What the J test or Sargan’s test does is to test the whole set of instruments being exogenous or not. There is another test for testing exogeneity for a subset of instruments. It’s call a C test or a difference-in-Sargan test. The idea is to calculate the difference between two Sargan’s statistics (or Hansen’s J in GMM setting); one is with the whole set of instruments, the other one without the suspected instruments. The null is that the suspect instruments are exogenous; or orthogonal to the error term. Obviously to conduct the C test, we’ll have to have at least one extra instrument more than the number of endogenous variables.

To understand it better, we look at how to implement Sargan’s test manually: For the 2SLS estimator, the test statistic is Sargan’s statistic, typically calculated as $N \times R^2$ from a regression of the IV residuals on the full set of instruments.

. ivregress 2sls rent pcturban (hsngval = faminc i.region)
. estat overid

  Tests of overidentifying restrictions:

  Sargan (score) chi2(3) =  11.2877  (p = 0.0103)
  Basmann chi2(3)        =  12.8294  (p = 0.0050)

. predict res, residual

. reg res pcturban faminc i.region

. disp e(N)*e(r2)
11.287665

4.4.1 Implementation in Stata

In Stata, there are different ways to do over-identification test, ivreg2 reports a comprehensive set of tests; overid command does the over-identification test after the ivreg command.

ivreg2 with gmm option returns J test; it reports Sargan’s test without this option.

ivreg2 also reports C test statistic, with ortho(). If the C test rejects the null, and J test without the suspect instruments fail to reject null, then the suspect instruments are indeed the ones are not exogenous.

4.5 Weak Instruments

4.5.1 Problem with the cure

An instrument needs to satisfy to criteria: orthogonality and relevance. We need instruments to be orthogonal to the error term. We can verify the orthogonality condition by Sargan’s test if there are extra instruments.
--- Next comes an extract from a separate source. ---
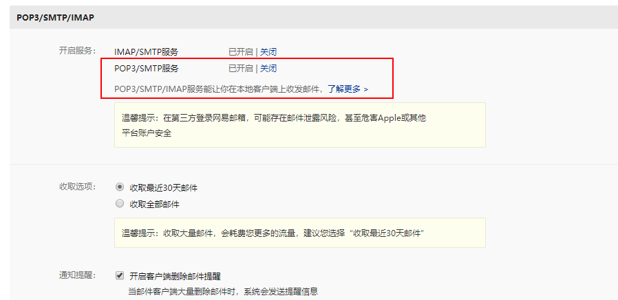 点击POP3/SMTP/IMAP
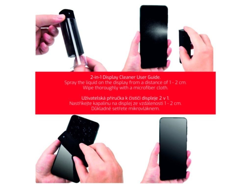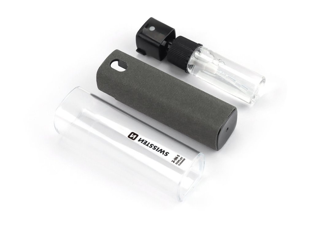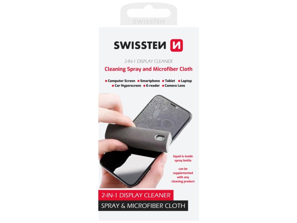 SWISSTEN čistič displejů 2 v 1Univerzální čistič 2 v 1 je efektivní řešení pro odstranění nečistot a otisků prstů z displeje. Čistič je zabalený v hadříku z mikrovlákna, který umožňuje rychlé a pohodlné setření displeje bez nutnosti dalších pomůcek. Čisticí prostředek stačí rovnoměrně nastříkat na displej a hadříkem setřít. 10 ml tekutiny vystačí na přibližně 120 použití.

It turns out instrument relevance is important too: if instruments are weak, then the regular large sample properties of IV or GMM estimators do not hold any more. The estimators are inconsistent or biased.

To see the problem, suppose

\[ \bf y=X\beta+u, \quad {\rm E} (u u')=\sigma_u^2 I, \]

\[ \bf X=Z\Pi+v, \quad {\rm E} (v v')=\sigma_v^2 I, \]

and \[ {\rm E}(\bf Z u )=0. \]

We can see here $\bf Z$ is exogenous. However, the model does not say anything about relevance. To illustrate the problem caused by weak instrument, suppose we have only one endogenous variable and one instrument.

\[ \hat \beta_{2sls}=\frac{\bf Z' y}{\bf Z' X} = \frac{\bf Z'(X \beta + u)}{\bf Z' X}= \beta + \frac{\bf Z' u}{\bf Z' X} . \]

If $\bf Z$ is irrelevant, or, $\Pi=0$, then

\[ \hat \beta_{2sls}- \beta=\frac{\bf Z' u}{\bf Z' v} =\frac{ \frac{1}{\sqrt n} \sum_{i=1}^N Z_i u_i}{\frac{1}{\sqrt n} \sum_{i=1}^N Z_i v_i} \xrightarrow{d} \frac{z_u}{z_v} , \]

where

\[ \begin{bmatrix} z_u \\z_v \end{bmatrix} \sim N(0, \begin{bmatrix} \sigma_u^2 \quad \sigma_{uv} \\ \sigma_{uv} \quad \sigma_v^2 \end{bmatrix}). \]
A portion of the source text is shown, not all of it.